(MATERIAL PROVIDED):
-- Opening Marker --

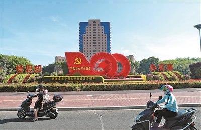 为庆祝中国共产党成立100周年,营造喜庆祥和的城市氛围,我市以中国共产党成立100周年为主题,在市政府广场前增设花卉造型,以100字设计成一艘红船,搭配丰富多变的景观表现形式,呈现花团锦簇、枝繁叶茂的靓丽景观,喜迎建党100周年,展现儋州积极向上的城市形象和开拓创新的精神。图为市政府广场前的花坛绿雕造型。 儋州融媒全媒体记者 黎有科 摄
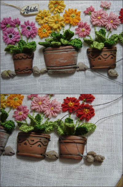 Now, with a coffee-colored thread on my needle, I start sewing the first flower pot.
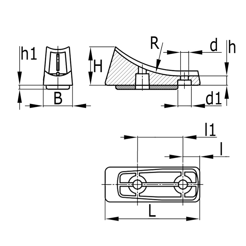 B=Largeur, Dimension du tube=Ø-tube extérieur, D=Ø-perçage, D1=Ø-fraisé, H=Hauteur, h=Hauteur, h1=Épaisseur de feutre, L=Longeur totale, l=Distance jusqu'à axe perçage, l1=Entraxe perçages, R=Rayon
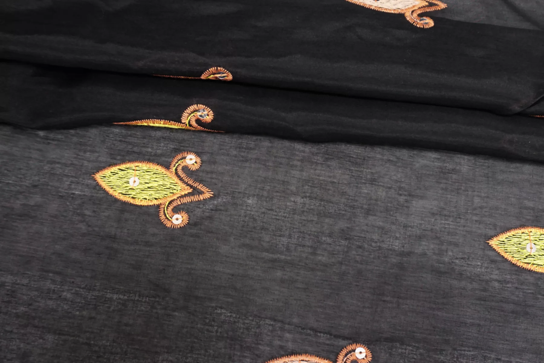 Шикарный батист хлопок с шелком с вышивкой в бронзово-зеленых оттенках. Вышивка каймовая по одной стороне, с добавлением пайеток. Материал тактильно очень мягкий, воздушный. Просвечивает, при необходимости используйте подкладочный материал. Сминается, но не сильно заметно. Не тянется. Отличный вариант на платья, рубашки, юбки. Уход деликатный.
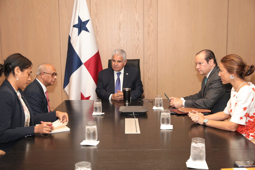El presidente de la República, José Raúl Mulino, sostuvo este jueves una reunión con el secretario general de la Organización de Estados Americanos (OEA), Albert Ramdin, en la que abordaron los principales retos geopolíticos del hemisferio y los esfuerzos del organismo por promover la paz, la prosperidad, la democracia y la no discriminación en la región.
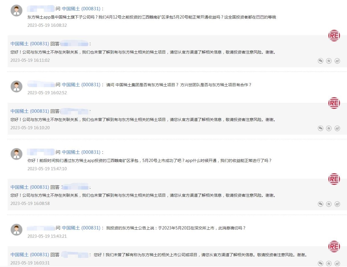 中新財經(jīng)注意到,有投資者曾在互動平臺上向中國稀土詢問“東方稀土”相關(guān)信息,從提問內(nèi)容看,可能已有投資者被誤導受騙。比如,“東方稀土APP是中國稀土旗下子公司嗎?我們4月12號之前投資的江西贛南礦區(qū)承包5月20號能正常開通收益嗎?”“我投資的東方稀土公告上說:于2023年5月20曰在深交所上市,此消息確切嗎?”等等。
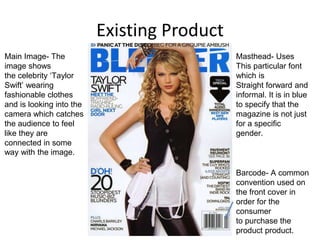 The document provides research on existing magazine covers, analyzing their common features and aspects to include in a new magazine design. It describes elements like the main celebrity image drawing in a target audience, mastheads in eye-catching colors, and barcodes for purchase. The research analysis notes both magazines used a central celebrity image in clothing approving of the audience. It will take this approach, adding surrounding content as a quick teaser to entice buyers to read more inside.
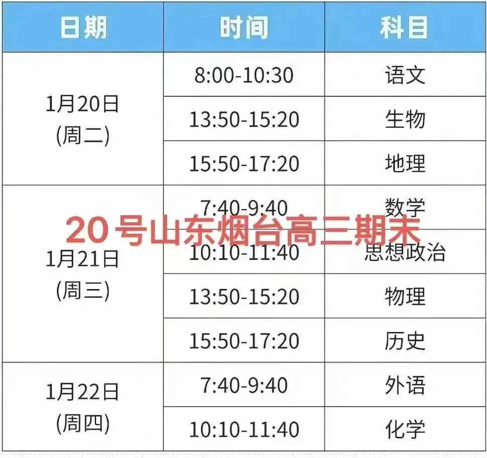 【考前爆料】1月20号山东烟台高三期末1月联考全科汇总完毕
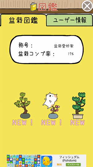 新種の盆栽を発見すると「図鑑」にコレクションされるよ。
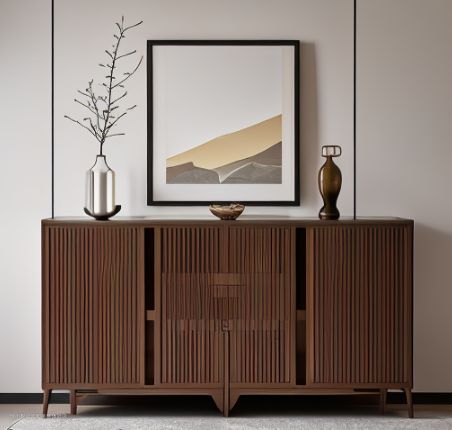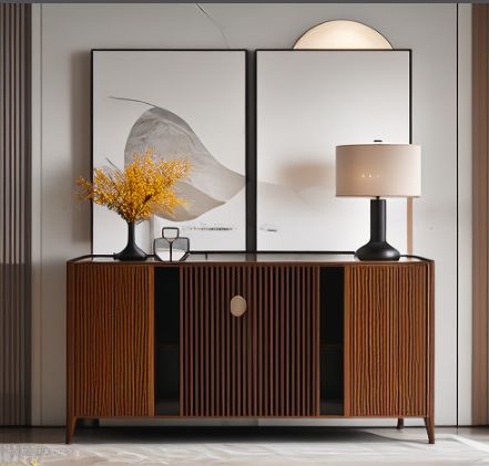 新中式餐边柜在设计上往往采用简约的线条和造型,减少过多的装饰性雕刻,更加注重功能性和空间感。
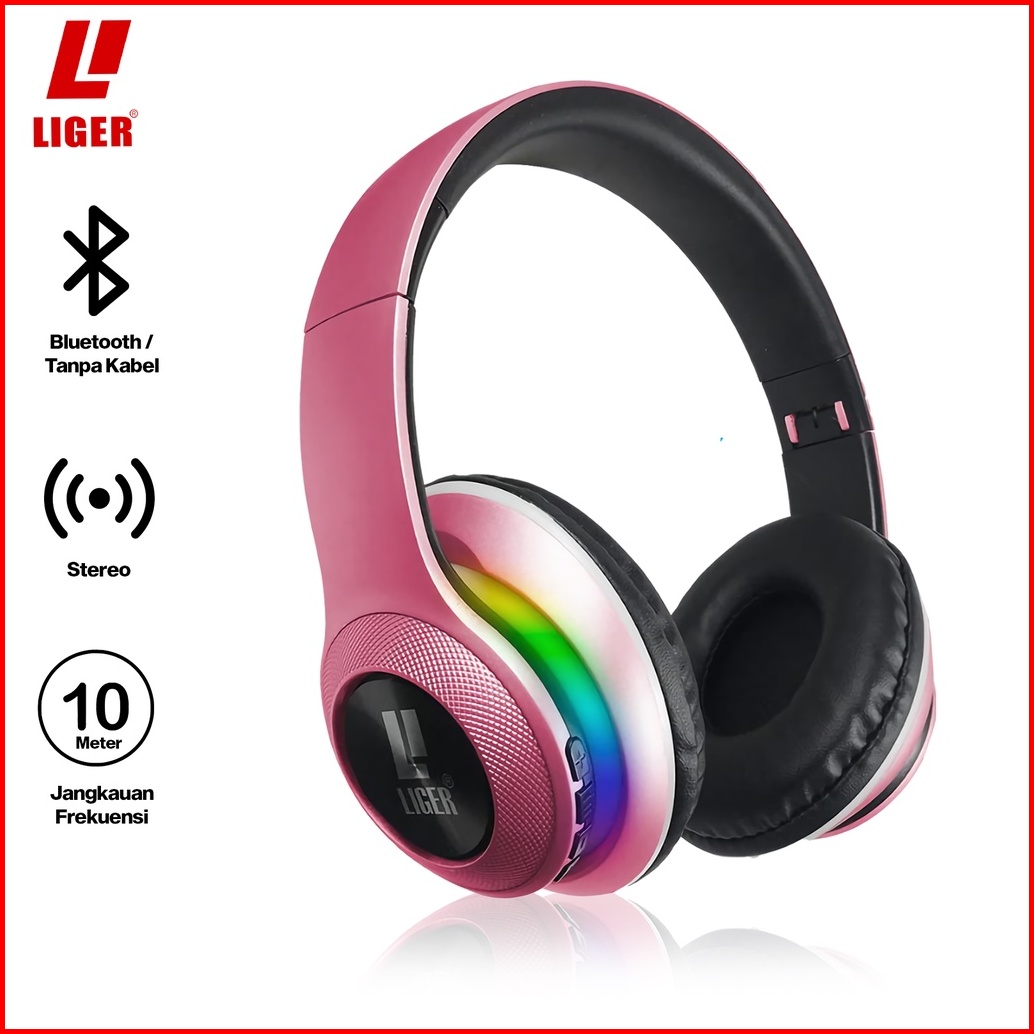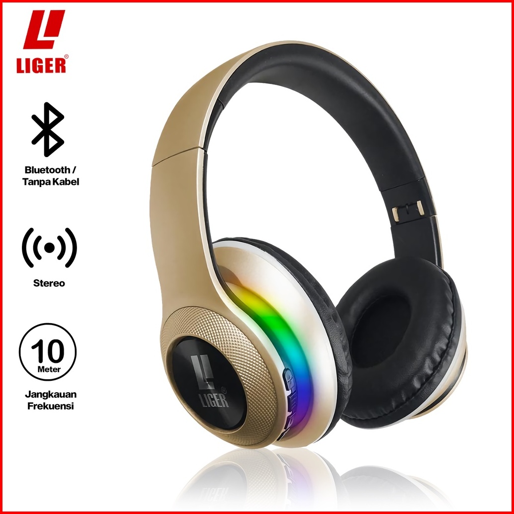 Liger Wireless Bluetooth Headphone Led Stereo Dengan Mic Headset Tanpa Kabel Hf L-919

-- Closing Marker --

(REQUIRED WORK): Print exactly, and only, the lines from the one with "新種の盆栽を発見すると「図鑑」にコレクションされるよ。" through the last line of the listing above. No pictures belong in the copy.

(OUTPUT OF THE EXERCISE):
 新種の盆栽を発見すると「図鑑」にコレクションされるよ。
 新中式餐边柜在设计上往往采用简约的线条和造型,减少过多的装饰性雕刻,更加注重功能性和空间感。
 Liger Wireless Bluetooth Headphone Led Stereo Dengan Mic Headset Tanpa Kabel Hf L-919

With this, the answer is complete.